Son dossier disciplinaire ne mentionnait aucune sanction.
Ce salarié a relaté à son employeur les faits et ce dernier ne s’est pas ému du comportement de son collègue de travail.
Peut-être aurait-il pu convoquer ce collègue de travail pour lui demander :
pourquoi il s’était permis de porter des accusations mensongères à l’encontre de ce salarié ;
pourquoi il s’était permis de le fouiller au corps ;
pourquoi il s’était permis de l’attendre à la sortie de l’entreprise pour avoir une explication plus virile !
Cet employeur a préféré licencier son salarié sans autre forme de réflexion.
Il aurait pourtant pu se dire qu’il s’agissait là d’un incident regrettable, mais dont son salarié n’était à l’origine.
Il aurait alors pu infliger aux deux intéressés un simple avertissement afin de marquer le coup et de s’arrêter là.
En ce qui me concerne, je n’aurais adressé d’avertissement qu’au seul collègue de travail qui était à l’origine de cet incident.
L’agresseur est resté au sein de l’entreprise.
L’agressé a dû affronter une deuxième injustice : son licenciement.
Le conseil des prud’hommes s’est contenté de souligner les compétences du salarié en arts martiaux pour en conclure que celui-ci n’avait pas le droit de se défendre…
Le conseil des prud’hommes a donc rajouté une condition non prévue par le code pénal qui ne prévoit pas un traitement plus sévère à l’égard des sportifs qu’à l’égard de ceux qui ne le sont pas.
Il a également méconnu le code du travail qui lui impose de faire une appréciation globale de la situation et qui dispose surtout qu’en cas de doute, celui-ci doit profiter au salarié.
A supposer qu’il y ait pu y avoir quelques hésitations sur le comportement que ce salarié aurait dû avoir, les circonstances auraient dû peser en sa faveur car :
En aucun cas ce salarié n’aurait dû être accusé de vol.
Jamais ce salarié n’aurait dû être fouillé au corps par un individu qui n’avait absolument pas compétence ni pouvoir pour cela.
La pratique des arts martiaux peut donc parfois se retourner contre le pratiquant lui-même.
Le fait de savoir se défendre vous interdit de vous défendre.
Il s’agit là d’un curieux paradoxe.
Les arts martiaux ont donc été percutés d’une manière peu orthodoxe qui ignorait à la fois le droit pénal et le droit du travail.
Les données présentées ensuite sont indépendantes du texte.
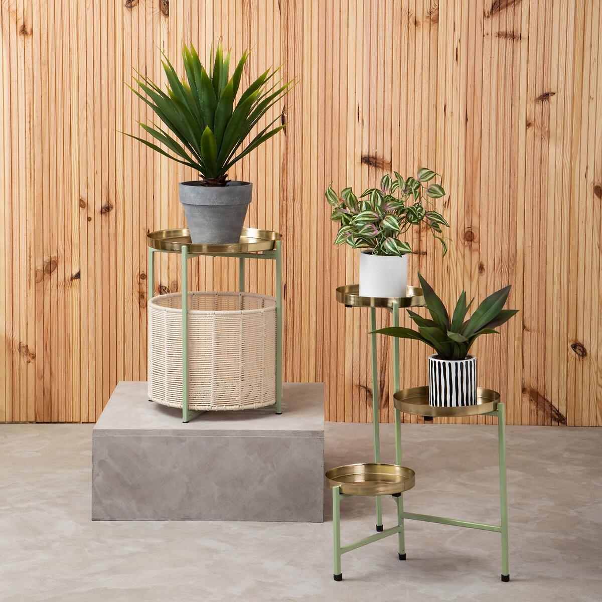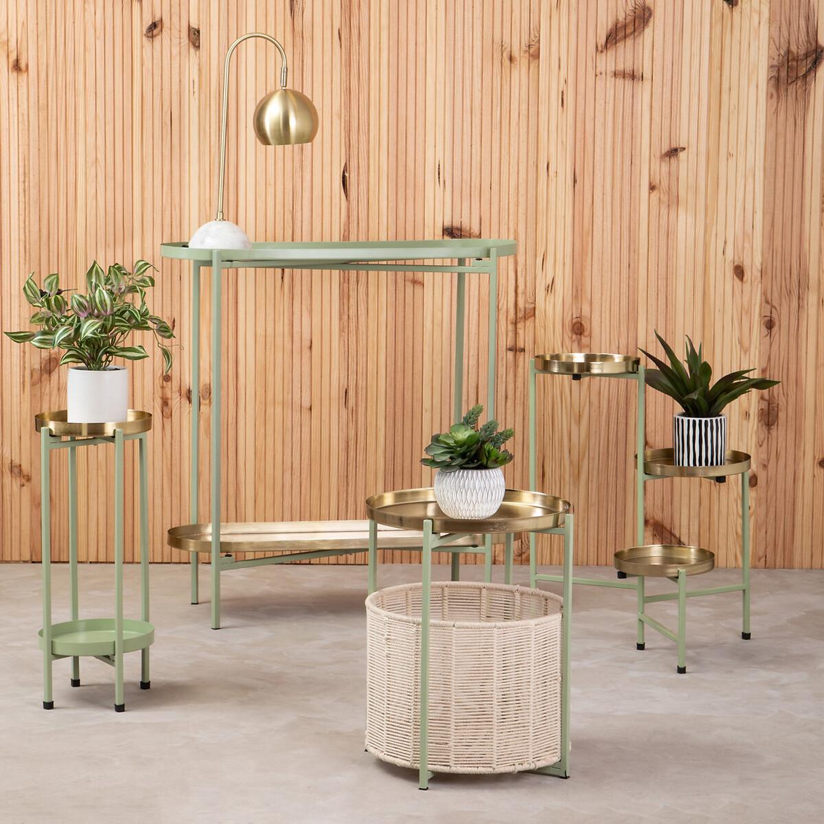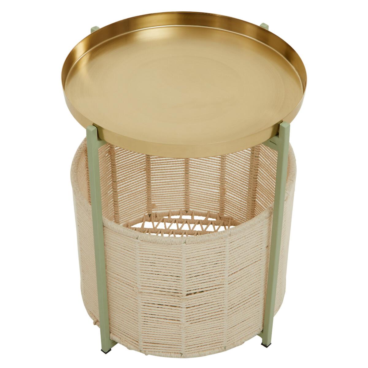 Made from metal in a two-tiered design, with a removable circular tray top and a cotton storage basket base, this is the perfect side table for city living. Ideal for small spaces, it's perfect for keep clutter clear. A luxe matte frame and polished metal tabletop ensures this piece is as stylish as it is functional. Product details Two-tier storage side table. Removable tray top Cotton storage basket base Matte metal frame Assembly required. Care instructions Clean with damp cloth only. Product Composition - Metal, Textile. Product Dimensions - 47 cm x40 cm x40 cm , Weight - 5.34 kg. Package Dimensions - 49 cm x 40 cm x 34 cm, Weight 7 kg. This product will be dispatched by one of our trusted suppliers. You’ll be contacted by their selected courier about your delivery. PREMI01

Mais il ne s’agissait là que d’un premier round.
L’affaire a été portée devant la cour d’appel.
4. La solution retenue par la Cour d’appel de Colmar le 26 janvier 2017.
La cour d’appel de Colmar a fait une analyse minutieuse, juridique et factuelle du dossier.
Celle-ci a infirmé le jugement rendu par le Conseil de prud’hommes.
La légitime défense a été retenu au profit de notre client sans ambiguïté.
La Cour d’appel mentionne expressément dans son arrêt :
“ Il est avéré que Monsieur XXX a été agressé à son arrivée au travail le 24.09.2013 avant sa prise de poste à 5h00 par Monsieur YYY qui est délibérément venu l’interpeller alors qu’il était lui même en repos, et ce après l’avoir accusé la veille d’avoir volé son argent, et ce sans fondement. Certes Monsieur YYY a souffert de blessures infligées par Monsieur XXX qui a été amené à riposter et a ainsi participé à une bagarre qu’il n’a pas provoqué…
En conséquence, l’employeur ne peut valablement reprocher à Monsieur XXX d’avoir manifesté un comportement violent…
Il en ressort donc des données du débat que le licenciement pour faute grave de Monsieur XXX est infondé…”
On ne saurait mieux dire !!!
La cour d’appel a dégagé l’essentiel de cette affaire, à savoir :
le salarié a fait l’objet d’une agression injuste ;
celui-ci a été amené à riposter alors qu’il n’était pas à l’origine des faits ;
cette riposte et ses conséquences ne sont pas disproportionnées.
Légitime défense et licenciement : cette rencontre improbable que notre cabinet a eu à traiter s’est achevée en faveur de notre client.
Faire reconnaître la légitime défense n’est pas toujours aisée.
Mais lorsque celui qui se défend est adepte de sports de combat, la tâche est plus difficile encore car il pèse injustement un soupçon sur lui.
Il ne faut rien lâcher et ne rien concéder.
Lorsque quelqu’un se défend face à une agression, peu importe qu’il soit sportif ou non dans tel ou tel domaine : le droit de se défendre doit être reconnu à chacun de la même façon. Tel est l’enseignement de cette affaire.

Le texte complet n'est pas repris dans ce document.